Clearly there’s an electrical fire going on upstairs. Mental illness isn’t always the person’s fault; it’s just plain unfortunate. Nonetheless, her actions are her own. She had 7 kids total (myself being the 5th) and didn’t raise a single one all the way, nor has she seen any of her kids since they were little. And it damaged all of us. The foster care system, moving from home to home, family to family, and then ultimately being separated from each other… Nobody comes out of that unscathed, unless they’re a sociopath.
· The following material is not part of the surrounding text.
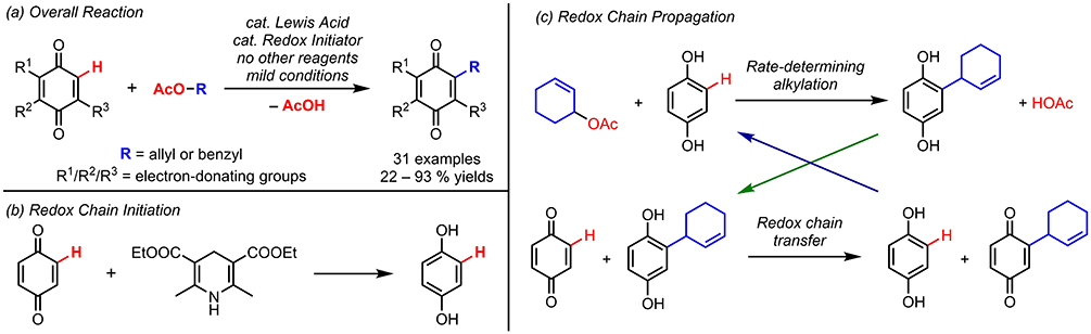 有意思的是,该方法的机理并不多见于文献之中。醌类化合物和烯丙基酯、苄基酯都是良好的亲电试剂,二者之间的偶联反应并不符合一般有机反应亲电试剂与亲核试剂结合的规律。研究者们经过反复推敲和验证,提出该反应是通过氧化还原链式反应机理实现的(如图)。课题组利用动力学实验、对照实验等方式初步验证了该机理,并发现催化量的Hantzsch ester试剂可作为通用的链式反应引发剂,在广泛的醌类、酯类原料之间的反应中可以取得良好的引发效果。

Mothers ought to be the epitome of devotion, love, and selflessness. I went from longing to be reunited with my mother, for over 20 years, to honestly resenting her for being such a colossal screw-up. You can be reckless when you’re only responsible for yourself, but you can’t be reckless when you have a child; let alone 7.

Only as an adult could I understand that my mother cannot be a mother. It was two-and-a-half decades of emotional pain for expecting something of my mother, to, you know, just be a mother. Kids don’t first consider if their mother (or either parent) has some kind of brain damage, they just need what they need.

Kids inevitably have weaknesses toward their parents. It’s really only as adults when people, who have terrible parents, finally accept the fact. Even then, most people, most adults, struggle immensely to accept their parents as they are. They either hold grudges, or they tolerate everything. Most cannot simply let go, as I chose to do. But, you cannot blame those who don’t give up trying to have a relationship when it’s a lost cause. And usually, the parent people never give up on is their mother.

No matter how tough you are, everyone needs what a mother has to offer. We are social animals. Social life, social affairs… It can get extremely difficult. Most social connections, including family, tend to go awry at some point. We all need an unbreakable source of emotional strength. A mother should be that source of emotional strength that never gets exhausted. Everyone wants to be loved, everyone wants someone who will never give up on them.

Remember what I said at the beginning: I am generalizing. Generally speaking, unconditional love comes from mothers. Generally speaking, mothers are more capable of teaching their children the value of love, of nurturing, and of taking care of those in your life. Clearly, this isn’t true about every single woman in the world, and I used my own mother as further proof of that. These things can come from fathers. They can even come from non-relatives. Still, though, broadly speaking these necessities for one’s development, and for one’s adult life, come from their mother.

We could all learn a few things from mothers as societal figures.